I believe in the value of research in both senses, and I think that some colleges and universities do not support research enough; but I also suspect that research-oriented universities are too focused on research.  Although it would be extraordinarily difficult to measure, I would guess that the marginal benefit of research is fairly sharply declining, in both senses.  For the teaching part, doing lots of research rather than some research just isn't that beneficial.  (Frances Woolley says that research is a signal: i.e. that professors do research to demonstrate their intellectual quality.  I think this explanation is a little thin.  If you simply want to use research as this kind of measure, you don’t have to do lots and lots of it.  Quantity of output would be one dimension of the quality of a researcher, but it wouldn't be hard to focus on other measures that would minimize costs.)  It is more difficult to evaluate the question of what resources to devote to research for the sake of public knowledge.  The benefits of research are stochastic and may not become apparent until well after a project is completed.  Again, however, there has to be a declining marginal benefit: researchers will focus on their most promising projects first, and the projects that seem most promising ex ante will, on average, be the most fruitful ex post.  (There is also the question of whether tomorrow's knowledge is coming at a cost to today's students, and the more fundamental question of to what extent public universities are even intended to serve students' interests.)
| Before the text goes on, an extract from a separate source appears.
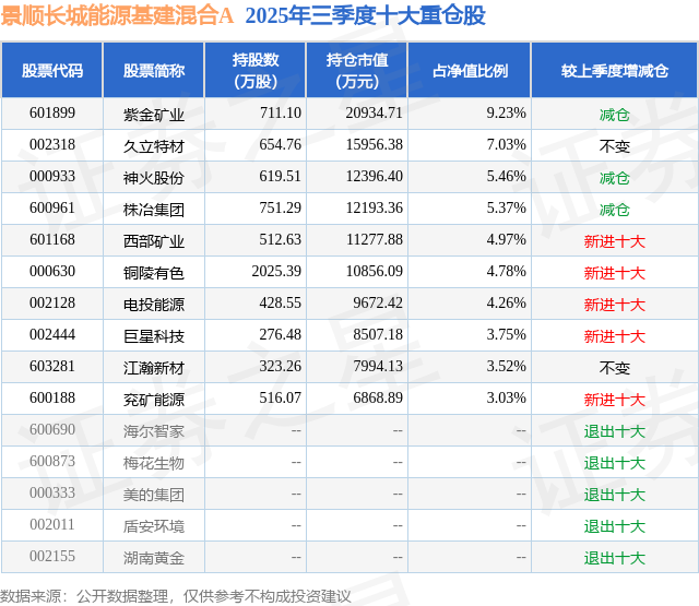 根据2025基金Q3季报公募基金重仓股数据,重仓该股的公募基金共2家,其中持有数量最多的公募基金为景顺长城基金的景顺长城能源基建混合A。景顺长城能源基建混合A目前规模为20.61亿元,最新净值2.99(11月6日),较上一交易日上涨2.26%,近一年上涨20.81%。该公募基金现任基金经理为邹立虎。邹立虎在任的基金产品包括:景顺长城安盈回报一年持有混合A,管理时间为2021年11月16日至今,期间收益率为42.06%;景顺长城景盛双息收益债券A,管理时间为2022年1月29日至今,期间收益率为22.8%;景顺景颐招利6个月持有期债券A,管理时间为2022年3月12日至今,期间收益率为26.89%;景顺长城华城稳健6个月持有期混合A,管理时间为2022年3月12日至今,期间收益率为30.67%。

Given the difficulty in assessing the benefits of research in any precise way, here is another way to consider the question.  Academic researchers (and administrators, most of whom are formerly active researchers) are influential in deciding how university resources are allocated.  Academics like doing research, and many of them only tolerate teaching as a necessary burden that comes with the research job.  Even those who don't actively dislike teaching would like to minimize their teaching loads.  If these same people have enough influence, there is no reason to think that resources are being allocated in a way that balances all the costs and benefits.  Personally, I think that a 2-2 course load is about right for an active researcher.  I think it would also be reasonable for universities to take a broad view of what kinds of intellectual activities are valuable for faculty members to engage in (like blogging!), although issues arise in evaluating anything other than traditional research.

What bothered me about the article was that some of the people quoted in it talk about university research as if it is a yes or no proposition--not acknowledging the difference between turning the University of Texas into a "downmarket trade school" and simply placing less emphasis on research--or talk about its benefits without consideration of the costs.